** Opening GIVEN DATA block **

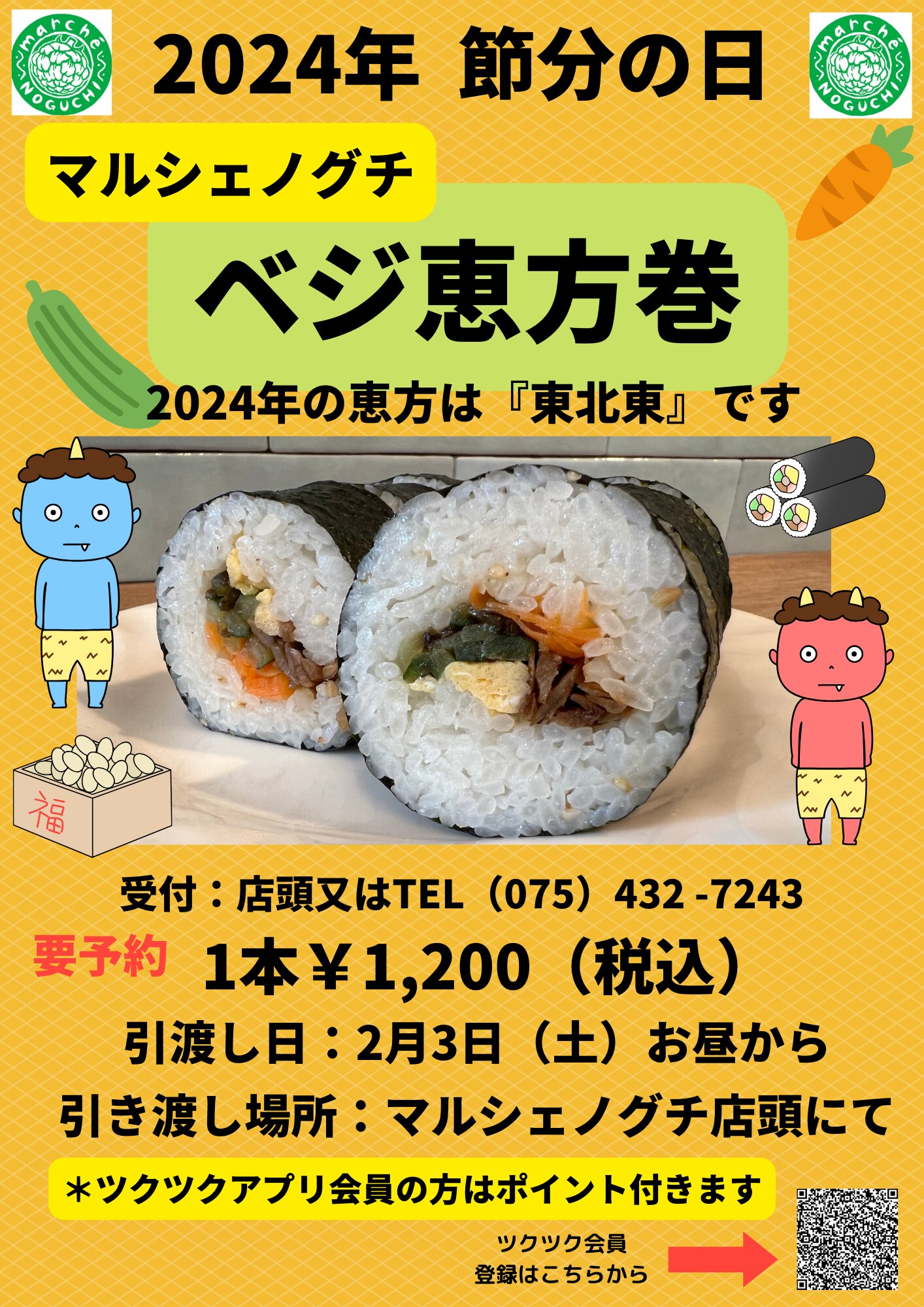 すぐにやってくる節分の日に今年もマルシェノグチで「ベジ恵方巻』を巻きます。
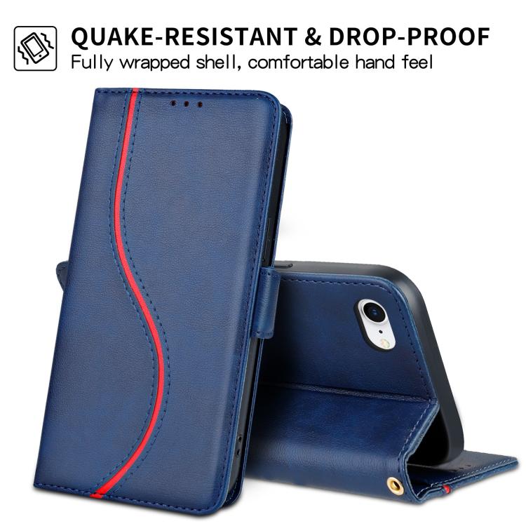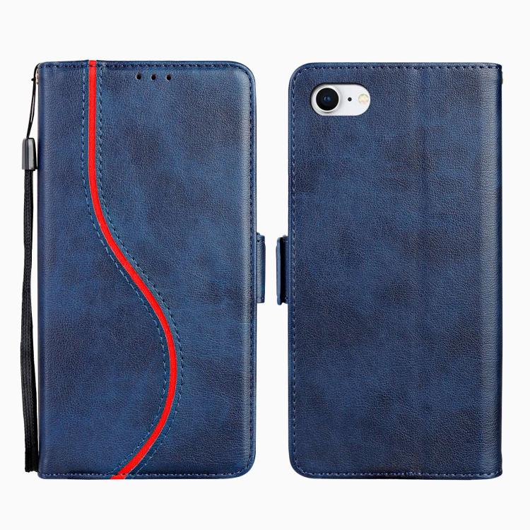 For iPhone 7 / 8 / SE 2022 Side Buckle S Curve Leather Phone Case(Blue)
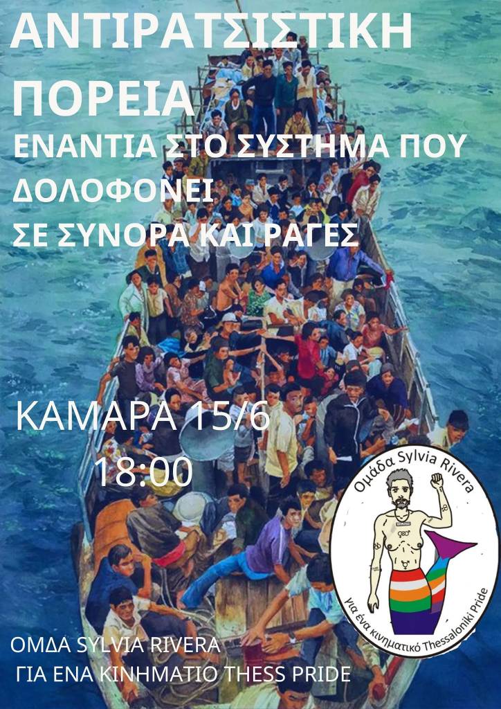 Ανακοίνωση από την ομάδα Sylvia Rivera και κάλεσμα σε αντιρατσιστική πορεία στη Θεσσαλονίκη για το ναυάγιο στην Πύλο και τη δολοφονική πολιτική των κλειστών συνόρων
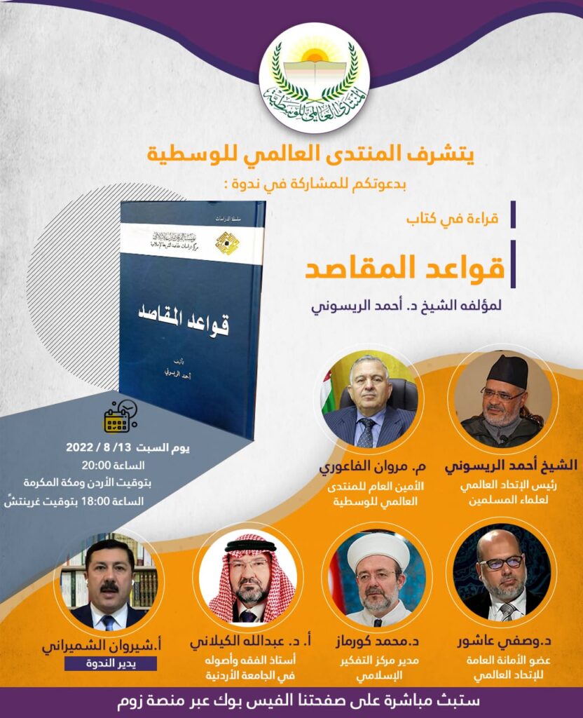 المنتدى العالمي للوسطية يقيم ندوة دولية عامة، يوم السبت 13 أغسطس الجاري، لمناقشة كتاب “قواعد المقاصد” للشيخ الدكتور أحمد الريسوني رئيس الاتحاد
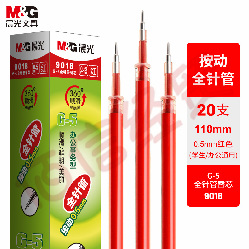 ■晨光0.5mm紅色中性筆替芯-- G-5全針管系列- 20支/盒9018C 自營
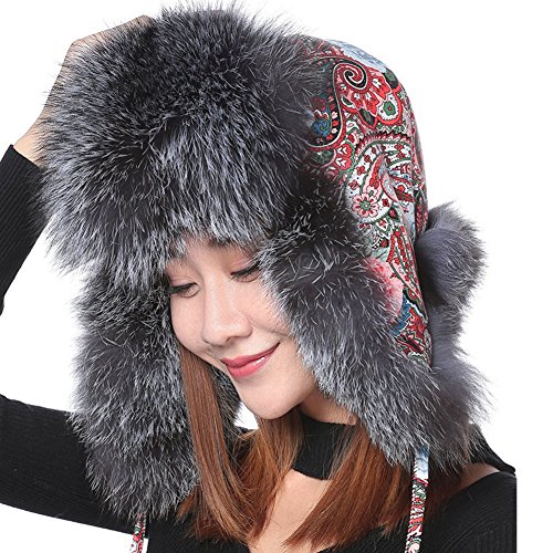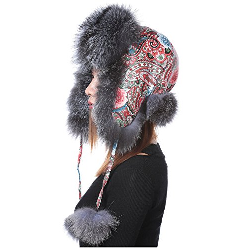 Binding : Apparel Product Description This bomber hat is made of real fox fur which is warm and light and genuine sheep leather which is windproof waterproof. The inner side of top is made of polyester jersey with cotton, which is warm and clean. The inner of earflap is fox fur, which keep your ear and face warm Outside is made of genuine sheep leather, you can easily handle it no matter raining or snowing. Furthermore, the colorful flower pattern will make you more fashionable and attractive when you with it. The fur maybe a little messy in transit, you can blow it with a hair dryer, the fur will be fluffy again. 0
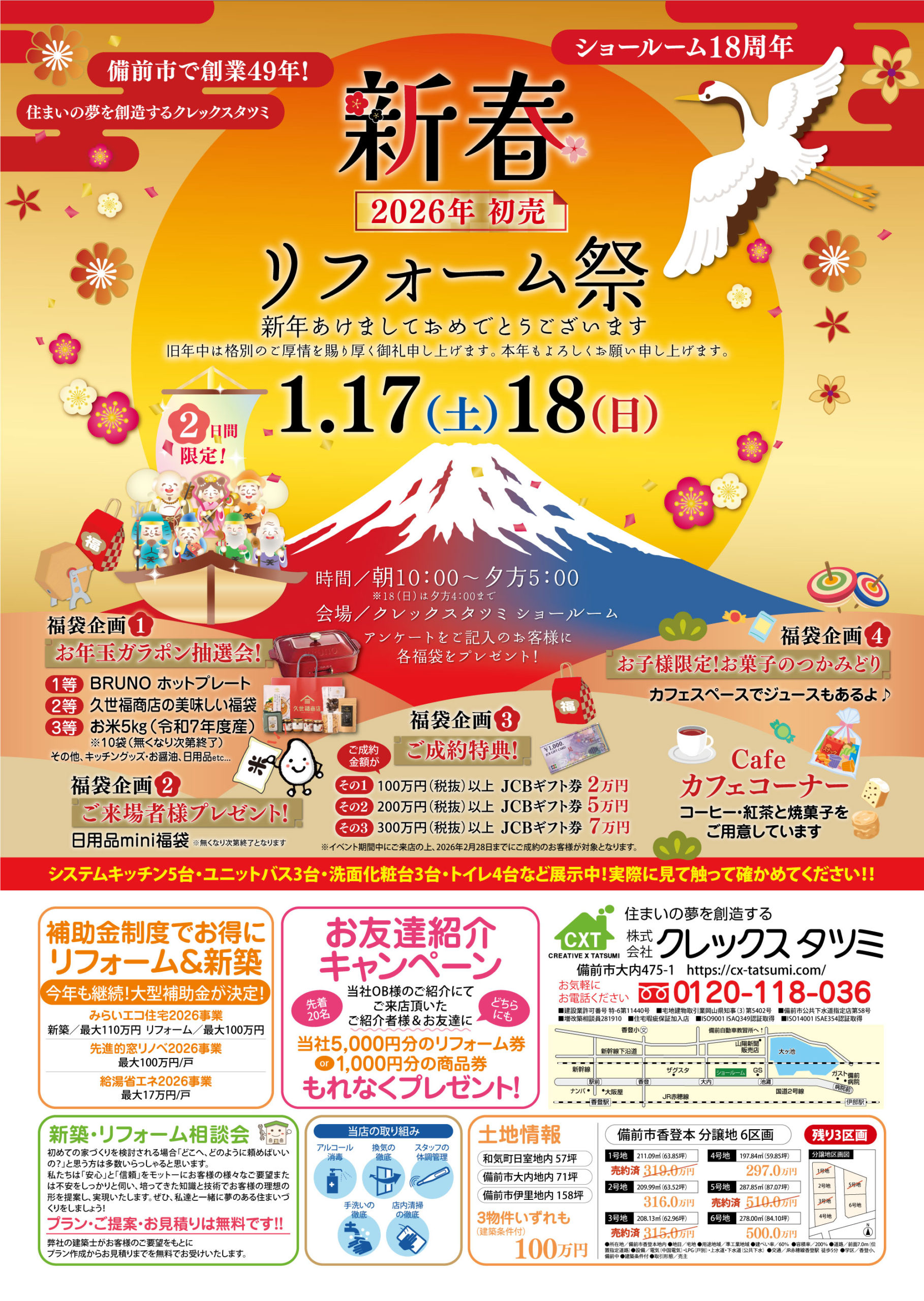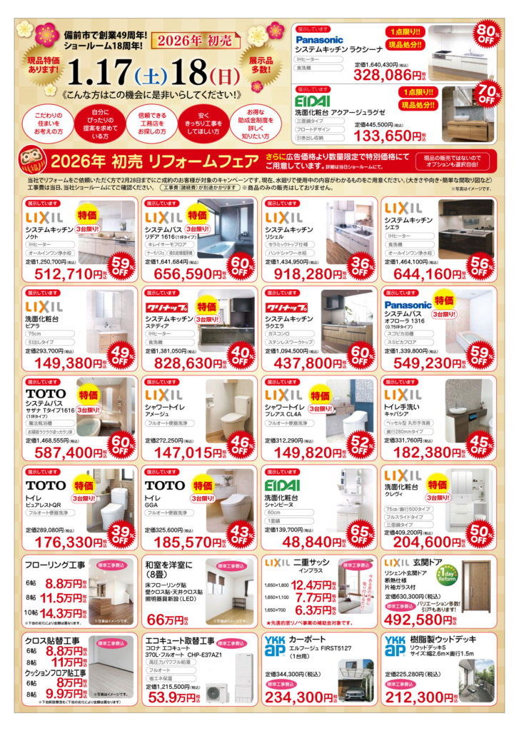 1/17(土)18(日)★新春 初売り★リフォーム祭 2026.01.08 明けましておめでとうございます。本年もよろしくお願い申し上げます。 おかげ様で創業49年!ショールーム18周年! 感謝の気持ちを込めまして、お年玉ガラポン抽選会などの福袋企画をご用意しております。 皆様のお越しを心よりお待ちしております。 Tweet Share 6/21(土)22(日)リフォーム相談会 2020.09.05 ホームページをリニューアル 2021.04.20 SW(SUPER WALL) ZEH住宅 新築工事 着工~基礎完了 2021.04.27 SW(SUPER WALL)ZEH住宅 新築工事 上棟 2021.05.25 SW(SUPER WALL)ZEH住宅 新築工事 2021.06.01 SW(SUPER WALL)ZEH住宅 新築工事 2021.06.02 グリーン住宅ポイントのお知らせ 2021.06.21 SW(SUPER WALL)ZEH住宅 新築工事 2021.07.23 SW(SUPER WALL)ZEH住宅 新築工事 2021.08.02 完成見学会のお知らせ(8月7・8日の2日間限定) 2021.08.10 完成見学会(8月7日・8日)の報告

** Closing GIVEN DATA block **

Write the lines from the one with "G-5全針管系列- 20支/盒9018C 自營" through the last line of the entries out again exactly, both ends included, and skip the pictures.

 ■晨光0.5mm紅色中性筆替芯-- G-5全針管系列- 20支/盒9018C 自營
 Binding : Apparel Product Description This bomber hat is made of real fox fur which is warm and light and genuine sheep leather which is windproof waterproof. The inner side of top is made of polyester jersey with cotton, which is warm and clean. The inner of earflap is fox fur, which keep your ear and face warm Outside is made of genuine sheep leather, you can easily handle it no matter raining or snowing. Furthermore, the colorful flower pattern will make you more fashionable and attractive when you with it. The fur maybe a little messy in transit, you can blow it with a hair dryer, the fur will be fluffy again. 0
 1/17(土)18(日)★新春 初売り★リフォーム祭 2026.01.08 明けましておめでとうございます。本年もよろしくお願い申し上げます。 おかげ様で創業49年!ショールーム18周年! 感謝の気持ちを込めまして、お年玉ガラポン抽選会などの福袋企画をご用意しております。 皆様のお越しを心よりお待ちしております。 Tweet Share 6/21(土)22(日)リフォーム相談会 2020.09.05 ホームページをリニューアル 2021.04.20 SW(SUPER WALL) ZEH住宅 新築工事 着工~基礎完了 2021.04.27 SW(SUPER WALL)ZEH住宅 新築工事 上棟 2021.05.25 SW(SUPER WALL)ZEH住宅 新築工事 2021.06.01 SW(SUPER WALL)ZEH住宅 新築工事 2021.06.02 グリーン住宅ポイントのお知らせ 2021.06.21 SW(SUPER WALL)ZEH住宅 新築工事 2021.07.23 SW(SUPER WALL)ZEH住宅 新築工事 2021.08.02 完成見学会のお知らせ(8月7・8日の2日間限定) 2021.08.10 完成見学会(8月7日・8日)の報告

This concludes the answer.